In text mining and Natural Language Processing (NLP), a lemmatizer is a tool used to determine the basic form of a word (lemma). Lemmatization differs from stemming in the way this base form is determined. While stemmers chop off word endings to reach the common stem of words, lemmatizers take into account the morphology of the words in order to produce the common morphological base form, i.e., the form of the word found in a dictionary. This type of text normalization is an important step in pre-processing morphologically complex languages, like Icelandic, before conducting various tasks, such as machine translation, text mining and information retrieval.
To give an example from the Icelandic language, lemmatization helps find all instances of the personal pronoun ég “I” in a text corpus, taking into account all inflectional forms (ég, mig, mér, mín, við, okkur, and okkar). These variations of each word can be up to 16 for nouns and over a hundred for adjectives and verbs. The value of being able to reduce the number of different surface forms that appear for each word is therefore evident, as otherwise it is hard or even impossible to correctly determine word frequency in a corpus, or to look up all instances of a particular term.
In this paper, we describe and evaluate Nefnir Daðason (2018), a new open source lemmatizer for Icelandic. Nefnir uses suffix substitution rules derived (learned) from the Database of Modern Icelandic Inflection (DMII) Bjarnadóttir (2012), which contains over 5.8 million inflectional forms.
This new lemmatizer was used for large-scale lemmatization of the Icelandic Gigaword Corpus Steingrímsson et al. (2018) with promising results, but a formal evaluation had not been carried out.

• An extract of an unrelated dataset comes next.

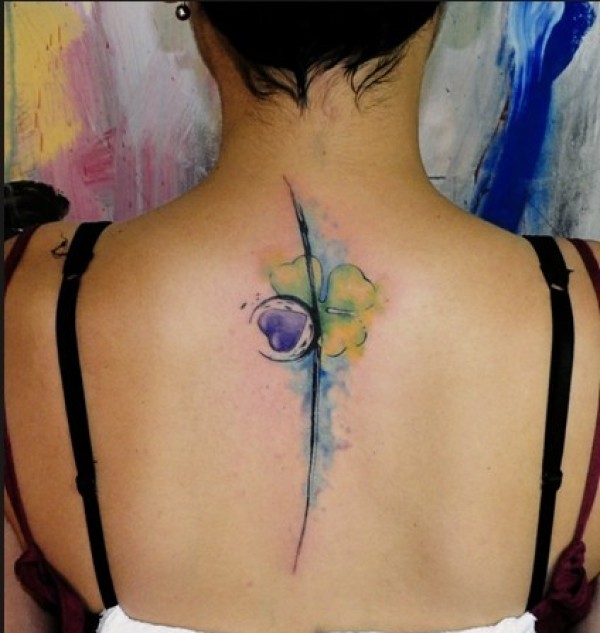水彩植物纹身图案大全美女后背四叶草图案水彩_后背纹身图案大全_纹身图吧

Our evaluation of Nefnir indicates that, compared to previously published results, it obtains the highest lemmatization accuracy of Icelandic, with 99.55% accuracy given correct part-of-speech (PoS) tags, and 96.88% accuracy given text tagged with a PoS tagger.
2 Related work
The most basic approach to lemmatization is a simple look-up in a lexicon. This method has the obvious drawback that words that are not in the lexicon cannot be processed. To solve this, word transformation rules have been used to analyze the surface form of the word (the token) in order to produce the base form. These rules can either be hand-crafted or learned automatically using machine learning.
When hand-crafting the rules that are used to determine the lemmas, a thorough knowledge of the morphological features of the language is needed. This is a time-consuming task, further complicated in Icelandic by the extensive inflectional system Bjarnadóttir (2012). An example of a hand-crafted lemmatizer is the morphological analyzer that is part of the Czech Dependency Treebank Hajič et al. (2018).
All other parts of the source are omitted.